In the UK, it is required that every dog in public wears some form of identity tag. This is part of the Control of Dogs Order 1992, and legally enforceable by dog wardens. You can actually be fined up to £5,000 if your dog is not wearing one.
The information can either be engraved or printed on to a small plate or badge and attached to the collar, or engraved straight on to the collar itself. It can also be connected to a harness if this is more appropriate.
Since April 2016, it has also been the law that every dog must also be microchipped and part of a national database. Don’t think that just because your dog is microchipped, they don’t need a tag - both are required.
What to put on a dog ID tag
The information on a dog’s ID tag should be informative enough so if the dog were to become lost, it could easily be returned to the owner by anybody who finds it.
When in a public place, every dog should wear a collar with a tag which has the owners name and address (including postcode) on.
An example of this is:
52 Treat St.
If your dog is small (and their ID tag can therefore not accommodate an entire address), all you need is your house number and postcode to determine your address.
Your telephone number is optional but recommended.
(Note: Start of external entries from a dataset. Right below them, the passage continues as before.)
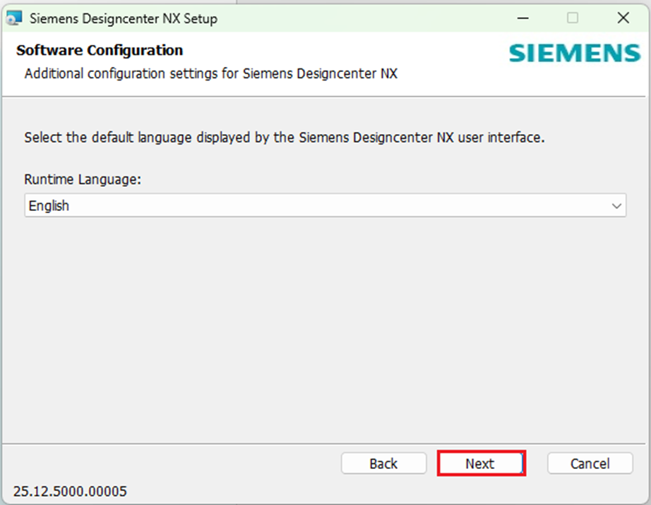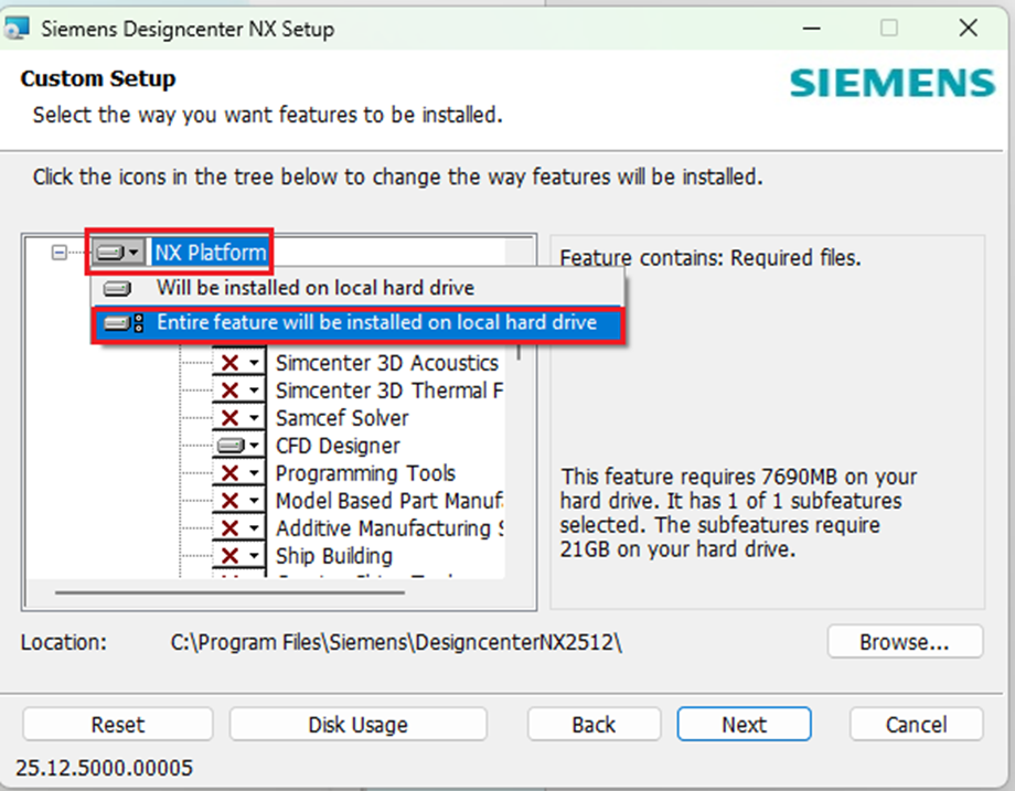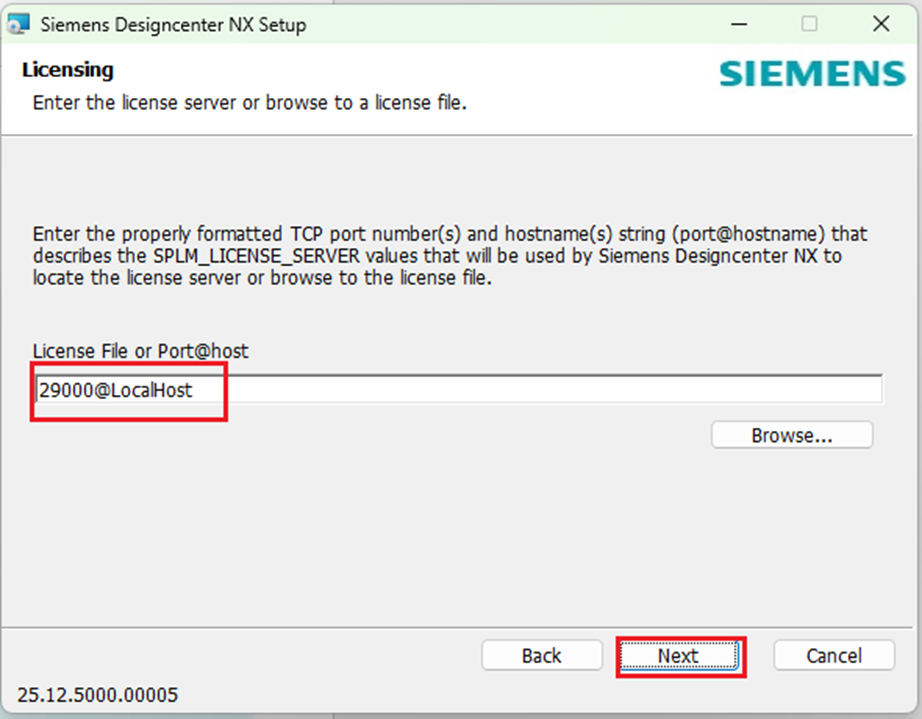 h) Clique em Browse e defina o caminho da instalação como C:\Siemens\NX2512\;
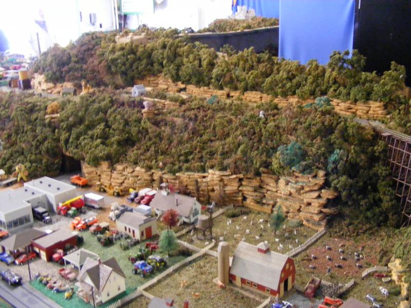 And finally along the backside things get a little more rural. He had some nice things back here like a trestle or two. I really liked the rock formations & the tree'd hillsides that loomed over the buildings below.
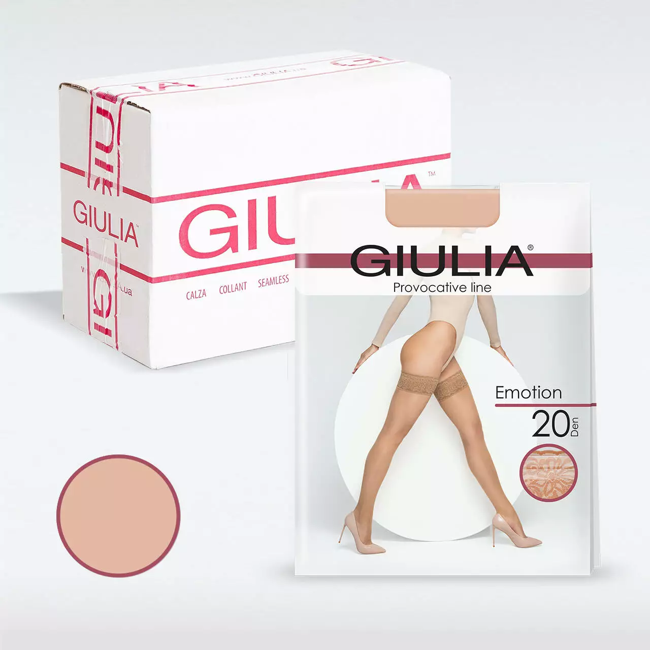 Шовковисті напівматові панчохи Giulia EMOTION 20 з елегантним самоутримувальним мереживом. Резинка прикрашена вишуканим ажурним мереживом з квітковими мотивами, що надає виробу особливий шарм. Її ширина становить 8 сантиметрів, забезпечуючи надійне утримання на нозі завдяки високоякісним силіконовим смужкам. Модель має шовковисте напівматове полотно щільністю 20 den, надзвичайно еластичне і чудово облягає ніжки, створюючи вишуканий вигляд і забезпечуючи комфорт протягом дня.

If you do choose to put one on, make sure it is up-to-date, in use, and you have constant access to.
This should all be clear enough to read and not become smudged or damaged. As the tags we have featured on Top Dog are printed rather than engraved, there is less chance of them becoming scratched, faded and tarnished.
What about the dog’s name?
It does make sense to put your dog’s name on their ID tag. If somebody found them and they were nervous, they could use their name to comfort them, and it would be easier to pass on information to any vets or dog wardens.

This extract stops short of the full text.